# Records to process:
- Opening Delimiter -

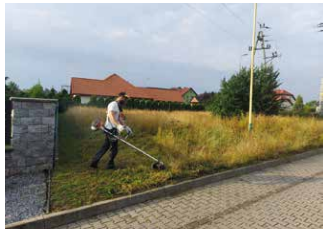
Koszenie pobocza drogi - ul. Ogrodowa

- Closing Delimiter -
- Opening Delimiter -

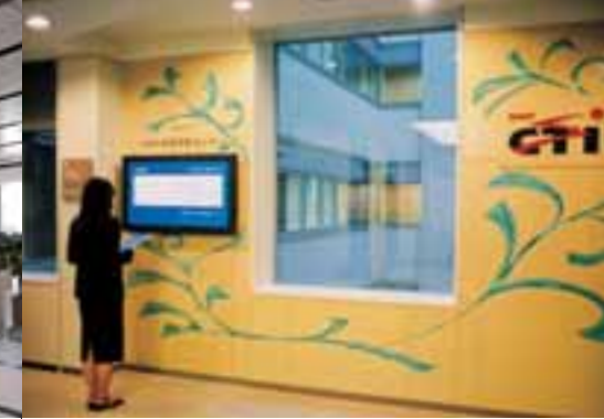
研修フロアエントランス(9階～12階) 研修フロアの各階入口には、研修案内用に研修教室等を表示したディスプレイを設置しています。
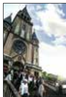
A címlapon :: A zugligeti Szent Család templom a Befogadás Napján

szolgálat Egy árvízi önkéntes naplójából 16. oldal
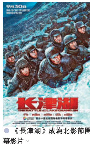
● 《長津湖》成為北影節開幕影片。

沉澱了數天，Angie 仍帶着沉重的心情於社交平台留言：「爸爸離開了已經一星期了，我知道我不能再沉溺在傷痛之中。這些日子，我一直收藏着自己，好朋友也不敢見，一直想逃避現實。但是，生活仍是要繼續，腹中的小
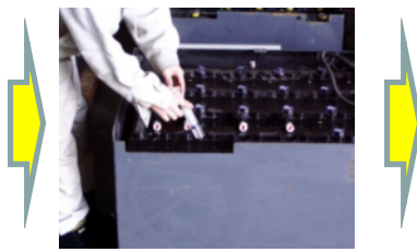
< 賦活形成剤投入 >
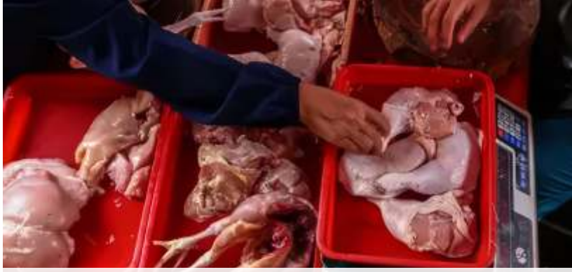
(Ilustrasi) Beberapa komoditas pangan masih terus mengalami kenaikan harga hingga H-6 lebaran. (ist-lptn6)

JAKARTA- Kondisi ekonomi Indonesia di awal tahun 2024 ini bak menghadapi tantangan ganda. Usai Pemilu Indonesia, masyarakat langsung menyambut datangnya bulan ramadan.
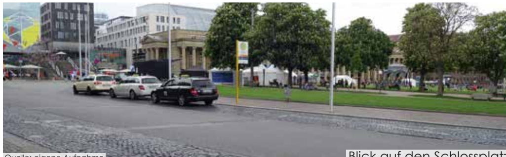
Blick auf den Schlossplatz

- Closing Delimiter -

When you reach the line that has "JAKARTA- Kondisi ekonomi" in the data above, start repeating lines exactly, and stop after the line that has "Blick auf den Schlossplatz"; pictures stay out.

# Result for this exercise:
JAKARTA- Kondisi ekonomi Indonesia di awal tahun 2024 ini bak menghadapi tantangan ganda. Usai Pemilu Indonesia, masyarakat langsung menyambut datangnya bulan ramadan.
Blick auf den Schlossplatz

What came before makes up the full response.